For Arias, opening a shredded cheese food truck was the solution to a problem. After moving from New York to Los Angeles during the pandemic, he went out with friends one evening and craved sliced cheese late at night on his way home. Frustrated by the lack of options in her new city, she decides to take matters into her own hands. Thus, New York Shredded Cheese was born.
“There is no spin on a classic. We strive to bring a true New York experience when it comes to this sandwich,” Arias told HuffPost. “Our goal has always been to remind people of home and serve food far and wide. Shredded cheese has been about spreading the gospel!”
As the business has grown, it has decided to cater to “la palate” a bit by offering additional options—from spices and flavorings such as picante to variations such as Impossible Shredded Cheese.
After relocating to San Francisco, Villarosa bought a deli griddle that he has used to make New York favorites like bacon, egg and cheese sandwiches and, of course, shredded cheese.
“I’m very much a traditionalist,” he said. “I do sliced onions on a roll, lots of American cheese, shredded lettuce and tomato, and lots of mayo and ketchup.
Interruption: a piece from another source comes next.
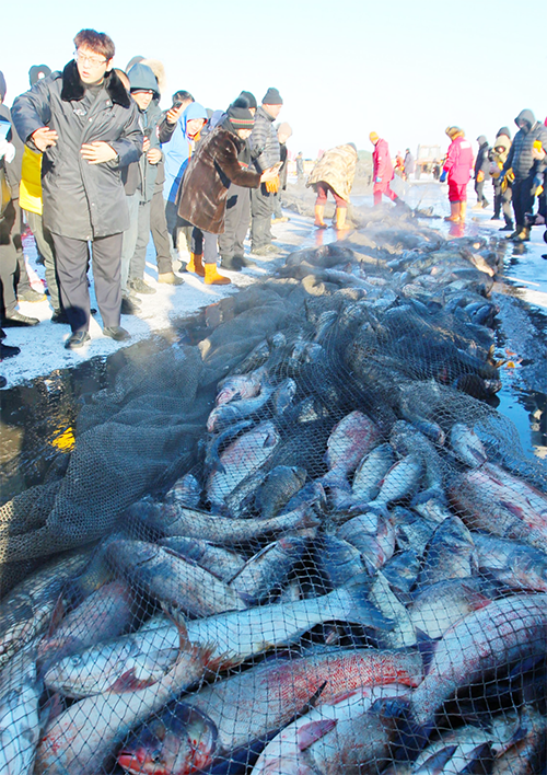 随着“鱼把头”一声嘹亮的号子,拉网腾鱼环节震撼启幕,捕鱼汉子们默契配合,将百米大网从冰洞徐徐拉出。须臾之间,头鱼跃水而出,银鳞闪烁,瞬间点燃全场热情。游客们纷纷围拢拍照,定格“冰湖腾鱼”的壮观景象,欢呼声、惊叹声此起彼伏,为冬日的冰湖增添无限生机,也让在场观众在收获与好运的象征中,感受年年有余、福气满盈的新春祝福与浓浓年味。

I try to make it big — $10 worth of shredded cheese.”
Cultural Significance of Shredded Cheese
Many Harlem and Bronx natives feel incredibly protective of the sandwich. A 2016 Shredded Cheese-themed video from the insider That said “most New Yorkers don’t even know it exists” sparked an outcry, especially from locals. YouTuber Jeffrey Almonte replied with my own video Railing against “Columbus Syndrome” on display.
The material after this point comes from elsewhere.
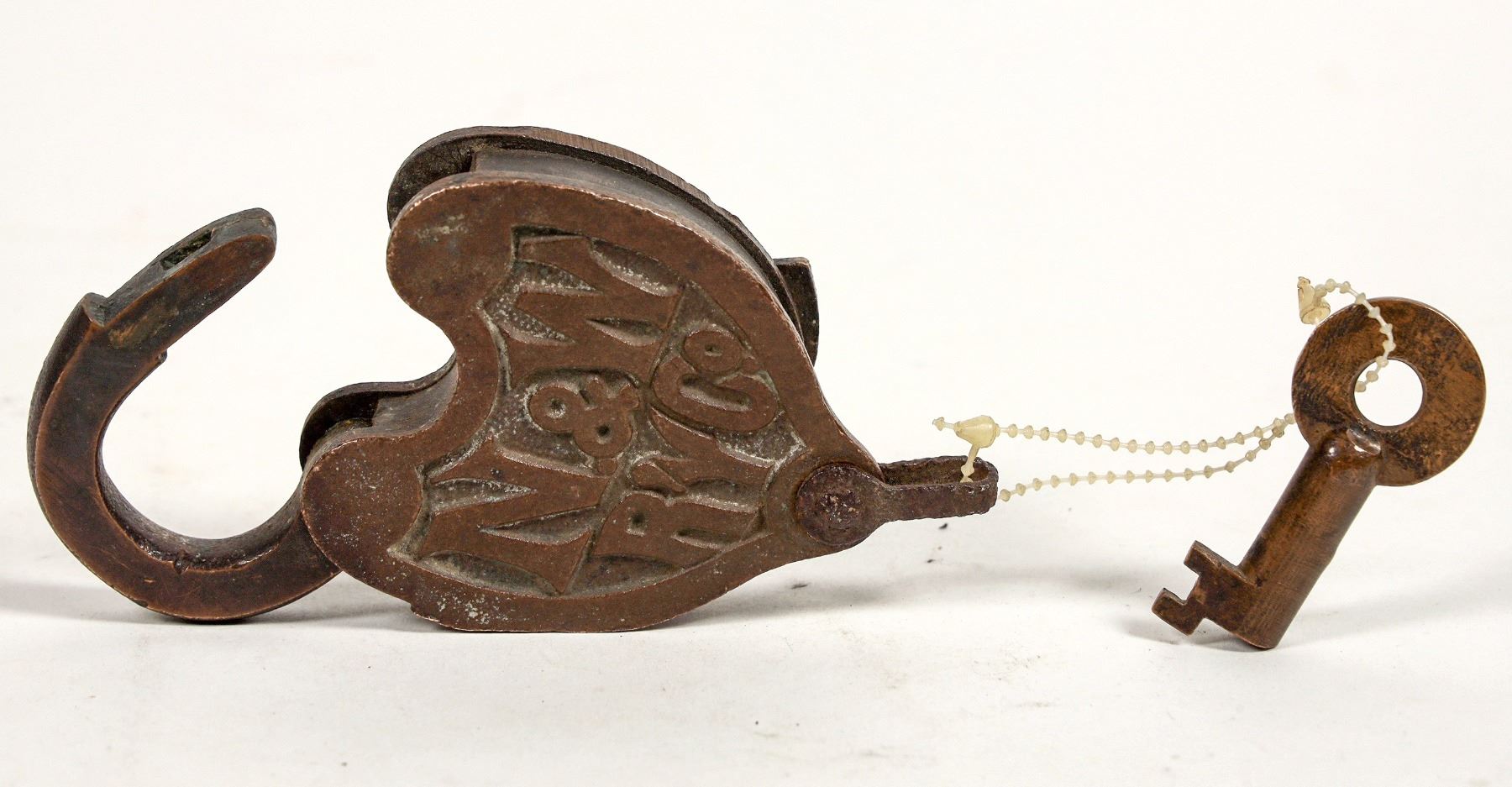 This elegant lock is embossed "N. & W Ry Co." on the front. The locking mechanism still works smoothly despite the touch of rust. See photo.

The passionate response underscores the strong cultural significance of the shredded cheese for countless New Yorkers.
“Growing up in New York is such a character builder,” Villarosa said. “And that character comes with pride — pride for your borough, like whether shredded cheese is better in Harlem or the Bronx, and taking great pride in shredded cheese as part of our culture as New Yorkers.” Is.”
For Williams, that kind of pride compelled him to take ownership on spreading the sandwich beyond local bodegas.
“We are a Black-owned business, and for years the Black community has enriched brands and companies and not been able to benefit financially from our own influence,” he said. “When you think about Harlem and Chop cheese, it is the Black and urban culture that buys it and makes it a New York staple. So it’s time we started benefiting economically from our cultures and not just putting money in other people’s pockets.
Arias is excited to bring a sense of nostalgia and a taste of New York to her new community. He believes there’s a simple reason the sandwich has attracted new fans in recent years: It’s delicious!
Arias said, “What was once an exclusive product you could only find in a few bodegas in NYC has now made its way to celebrities, YouTube chefs and content creators who are sharing this beloved bodega classic Is.”
“It can stand on its own. It’s had such a profound effect on New York culture that you can’t separate the two. If you’re talking about New York culture, you can also talk about shredded cheese.” are talking.
“If you know, you know. We’re happy to be a part of the legacy of this sandwich. Our goal is to bring it to every place in the country and the world.”
No matter how far the shredded cheese has spread, though, Villarosa believes nothing compares to New York’s original offering.
“Bodega has a vibe,” he said. “Shredded cheese is a vibe. Just a feel-good factor. People want to be part of the culture. But you need to feel like a New Yorker, the local water, the meat and buns, the bodega cat, the guy who puts that struggle in the seasonings.” Giving in. People can always try to imitate shredded cheese, but they can never get the real deal.